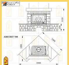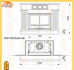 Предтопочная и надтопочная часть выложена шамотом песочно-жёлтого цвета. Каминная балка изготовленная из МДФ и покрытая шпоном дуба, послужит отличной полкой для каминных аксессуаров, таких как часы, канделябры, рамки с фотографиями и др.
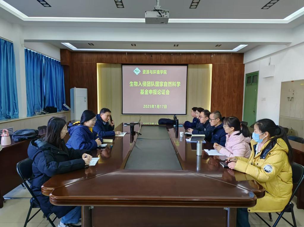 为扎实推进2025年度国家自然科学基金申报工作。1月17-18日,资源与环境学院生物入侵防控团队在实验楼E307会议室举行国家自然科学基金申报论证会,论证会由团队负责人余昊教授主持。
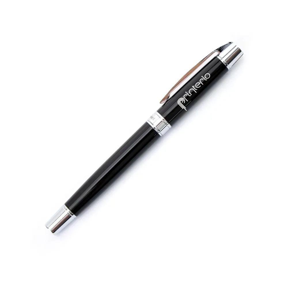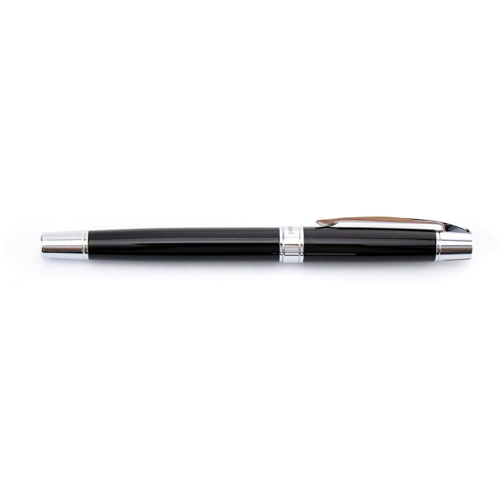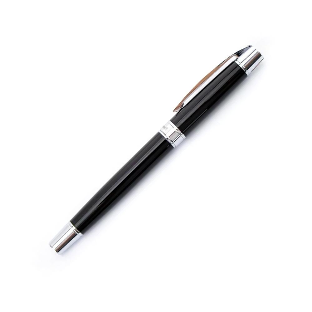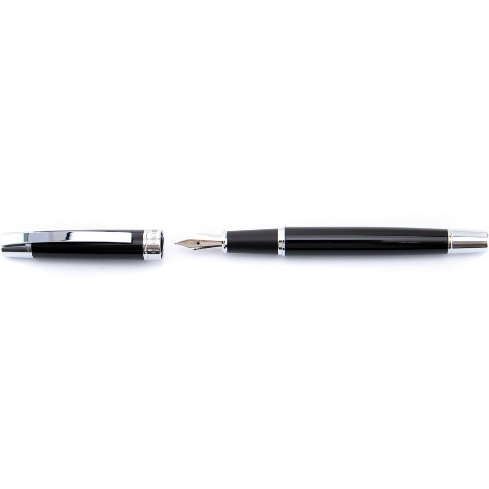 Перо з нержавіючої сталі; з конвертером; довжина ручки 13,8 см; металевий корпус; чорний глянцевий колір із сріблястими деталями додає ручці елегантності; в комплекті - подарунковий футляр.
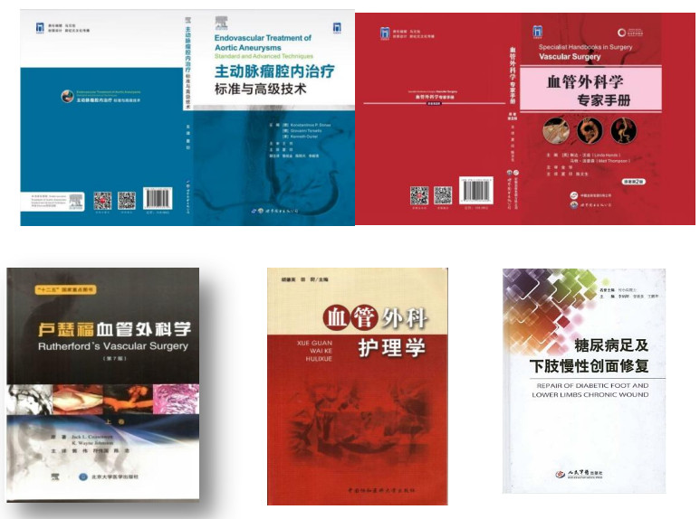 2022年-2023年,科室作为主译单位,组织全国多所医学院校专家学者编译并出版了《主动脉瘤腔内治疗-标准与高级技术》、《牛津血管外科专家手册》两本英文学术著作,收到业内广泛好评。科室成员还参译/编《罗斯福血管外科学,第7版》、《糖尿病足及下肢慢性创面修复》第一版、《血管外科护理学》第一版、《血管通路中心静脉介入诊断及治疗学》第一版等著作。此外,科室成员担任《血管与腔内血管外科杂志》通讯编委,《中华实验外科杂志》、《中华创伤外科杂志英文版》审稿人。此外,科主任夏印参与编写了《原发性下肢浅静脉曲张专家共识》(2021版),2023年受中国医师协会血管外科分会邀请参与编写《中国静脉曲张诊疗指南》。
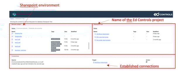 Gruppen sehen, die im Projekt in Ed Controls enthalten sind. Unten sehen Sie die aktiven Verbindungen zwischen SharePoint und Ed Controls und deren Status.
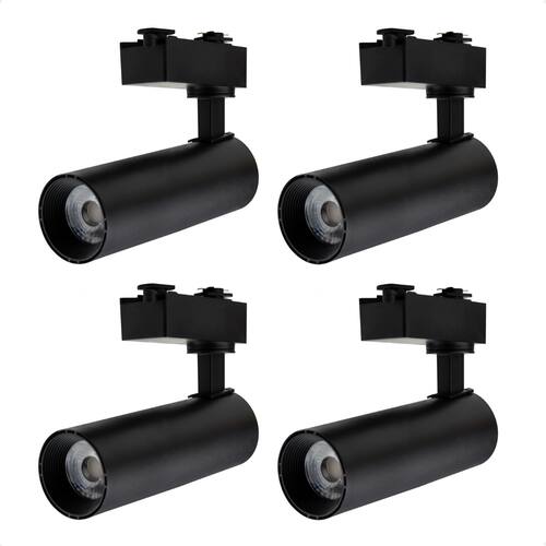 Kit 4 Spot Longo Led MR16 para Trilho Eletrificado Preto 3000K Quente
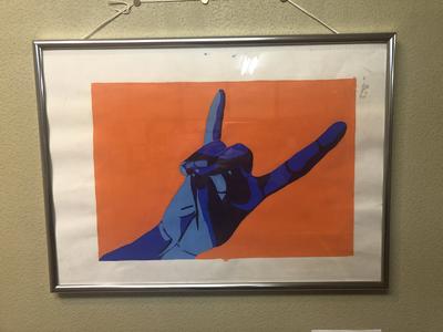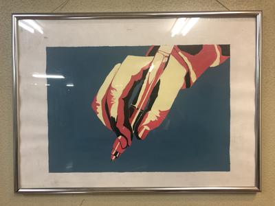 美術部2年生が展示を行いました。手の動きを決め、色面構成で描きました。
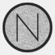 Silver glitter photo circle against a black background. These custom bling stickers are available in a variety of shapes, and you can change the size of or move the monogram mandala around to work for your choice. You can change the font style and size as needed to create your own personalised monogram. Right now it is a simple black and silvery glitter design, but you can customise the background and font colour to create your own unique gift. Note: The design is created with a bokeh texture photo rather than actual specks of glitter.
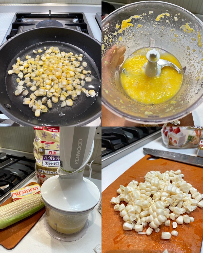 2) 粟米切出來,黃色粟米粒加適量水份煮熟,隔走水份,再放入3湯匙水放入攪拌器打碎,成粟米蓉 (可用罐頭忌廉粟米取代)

* * *

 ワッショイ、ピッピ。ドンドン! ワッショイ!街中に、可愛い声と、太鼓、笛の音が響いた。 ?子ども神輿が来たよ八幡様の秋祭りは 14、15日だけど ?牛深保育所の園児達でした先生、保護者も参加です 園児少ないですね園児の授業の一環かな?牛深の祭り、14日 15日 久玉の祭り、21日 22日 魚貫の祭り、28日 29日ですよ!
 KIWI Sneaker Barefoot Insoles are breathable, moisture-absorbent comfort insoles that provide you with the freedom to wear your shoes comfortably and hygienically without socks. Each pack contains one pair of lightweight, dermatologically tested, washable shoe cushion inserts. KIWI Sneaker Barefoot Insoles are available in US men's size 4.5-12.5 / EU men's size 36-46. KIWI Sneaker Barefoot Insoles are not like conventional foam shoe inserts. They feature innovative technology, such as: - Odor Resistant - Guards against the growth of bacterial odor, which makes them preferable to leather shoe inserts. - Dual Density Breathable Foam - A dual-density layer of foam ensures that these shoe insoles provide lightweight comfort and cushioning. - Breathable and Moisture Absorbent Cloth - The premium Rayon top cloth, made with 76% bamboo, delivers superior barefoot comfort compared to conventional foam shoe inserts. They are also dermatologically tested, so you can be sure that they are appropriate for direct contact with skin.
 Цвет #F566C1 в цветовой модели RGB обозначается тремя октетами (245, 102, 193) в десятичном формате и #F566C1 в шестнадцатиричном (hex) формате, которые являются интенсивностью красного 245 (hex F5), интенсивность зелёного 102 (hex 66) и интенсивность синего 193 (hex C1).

...

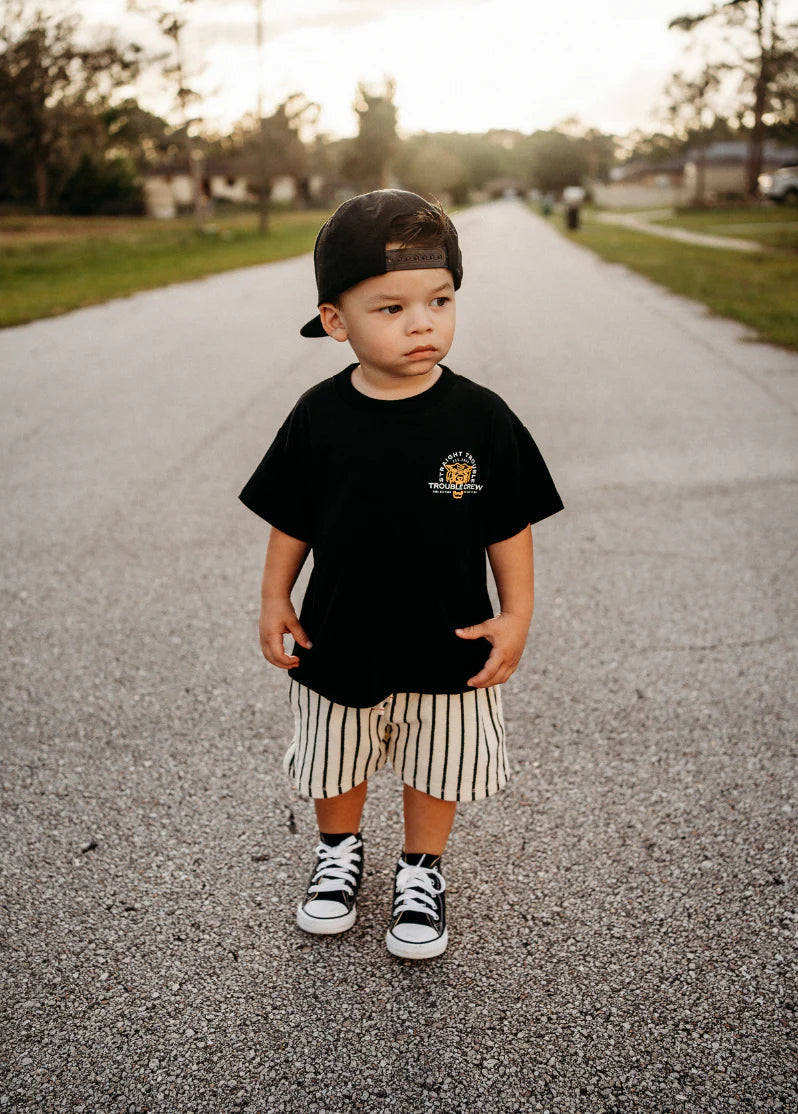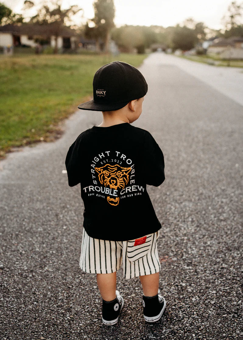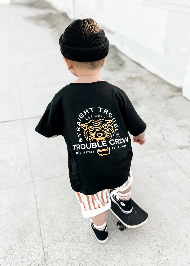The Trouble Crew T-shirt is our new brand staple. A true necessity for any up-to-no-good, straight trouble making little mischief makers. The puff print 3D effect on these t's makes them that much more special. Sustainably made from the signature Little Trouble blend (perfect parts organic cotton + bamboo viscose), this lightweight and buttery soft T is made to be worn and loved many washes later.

Prompt
What you return must match the lines above from the one with "Предтопочная и надтопочная" through the one with "Перо з нержавіючої" exactly, with both ends included and the pictures excluded.

Solution to the problem
 Предтопочная и надтопочная часть выложена шамотом песочно-жёлтого цвета. Каминная балка изготовленная из МДФ и покрытая шпоном дуба, послужит отличной полкой для каминных аксессуаров, таких как часы, канделябры, рамки с фотографиями и др.
 为扎实推进2025年度国家自然科学基金申报工作。1月17-18日,资源与环境学院生物入侵防控团队在实验楼E307会议室举行国家自然科学基金申报论证会,论证会由团队负责人余昊教授主持。
 Перо з нержавіючої сталі; з конвертером; довжина ручки 13,8 см; металевий корпус; чорний глянцевий колір із сріблястими деталями додає ручці елегантності; в комплекті - подарунковий футляр.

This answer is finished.